* _Requirement_:
Print nothing but the lines from the start of the listing below through the line that contains "NIGER. 100 Francos". Do not include the pictures.

* _Stored data_:
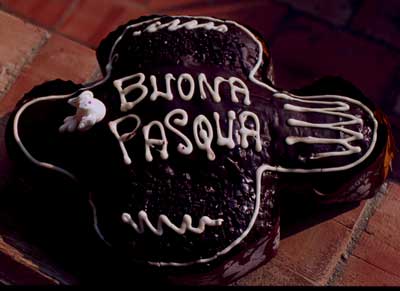 The Easter bread most popular throughout all of Italy is a specialty originally from Lombardy—the columba di Pasqua (or columba pasquale), a sweet yeast bread full of candied orange peel, raisins, and almonds, made in the shape of a dove. Some of the fancier columbe have pockets of orange- or champagne-flavored pastry cream inside. Others are made with swirls of light and dark (chocolate-flavored) dough, like marble cakes. The plainest ones are garnished with only a simple sugar glaze, but the more elegant columbe are elaborately decorated with almond paste, white or pastel icing, chocolate, nuts or sugar-paste flowers.
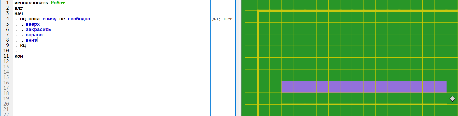 Напишите алгоритм для Робота, закрашивающий все клетки, расположенные выше стены на расстоянии одной пустой клетки от стены, независимо от длины стены. Робот должен закрасить только клетки, удовлетворяющие заданному условию. Например, для приведённого выше рисунка Робот должен закрасить следующие клетки:
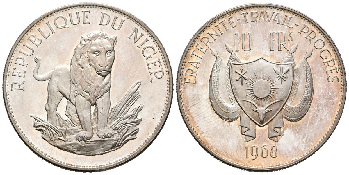 NIGER. 100 Francos (Ar. 19,98g/38mm). 1968. León. (Km#8.1). PROOF. Ligeras rayitas. Escasa. Sólo 1000 unidades acuñadas.
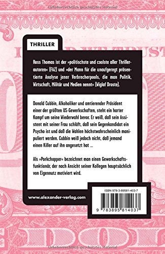 Ross Thomas (1926 - 1995) war ein amerikanischer Autor und Journalist. In den fünfziger JAhren richtete er das deutsche AFN-Büro in Bonn ein und arbeitete als Journalist, Gewerkschaftssprecher und Public Relations- und Wahlkampfberater für Politiker in den USA. Seine vielfältigen Erfahrungen verarbeitete er in seinen Politthrillern, in denen er v.a. die Hintergründe des (amerikanischen) Politikbetriebs entlarvt und blossstellt. Ihm wurde zweimal der Edgar Allen Poe Award und mehrmals der Deutsche Krimi Preis verliehen.

* _Answer to this exercise_:
 The Easter bread most popular throughout all of Italy is a specialty originally from Lombardy—the columba di Pasqua (or columba pasquale), a sweet yeast bread full of candied orange peel, raisins, and almonds, made in the shape of a dove. Some of the fancier columbe have pockets of orange- or champagne-flavored pastry cream inside. Others are made with swirls of light and dark (chocolate-flavored) dough, like marble cakes. The plainest ones are garnished with only a simple sugar glaze, but the more elegant columbe are elaborately decorated with almond paste, white or pastel icing, chocolate, nuts or sugar-paste flowers.
 Напишите алгоритм для Робота, закрашивающий все клетки, расположенные выше стены на расстоянии одной пустой клетки от стены, независимо от длины стены. Робот должен закрасить только клетки, удовлетворяющие заданному условию. Например, для приведённого выше рисунка Робот должен закрасить следующие клетки:
 NIGER. 100 Francos (Ar. 19,98g/38mm). 1968. León. (Km#8.1). PROOF. Ligeras rayitas. Escasa. Sólo 1000 unidades acuñadas.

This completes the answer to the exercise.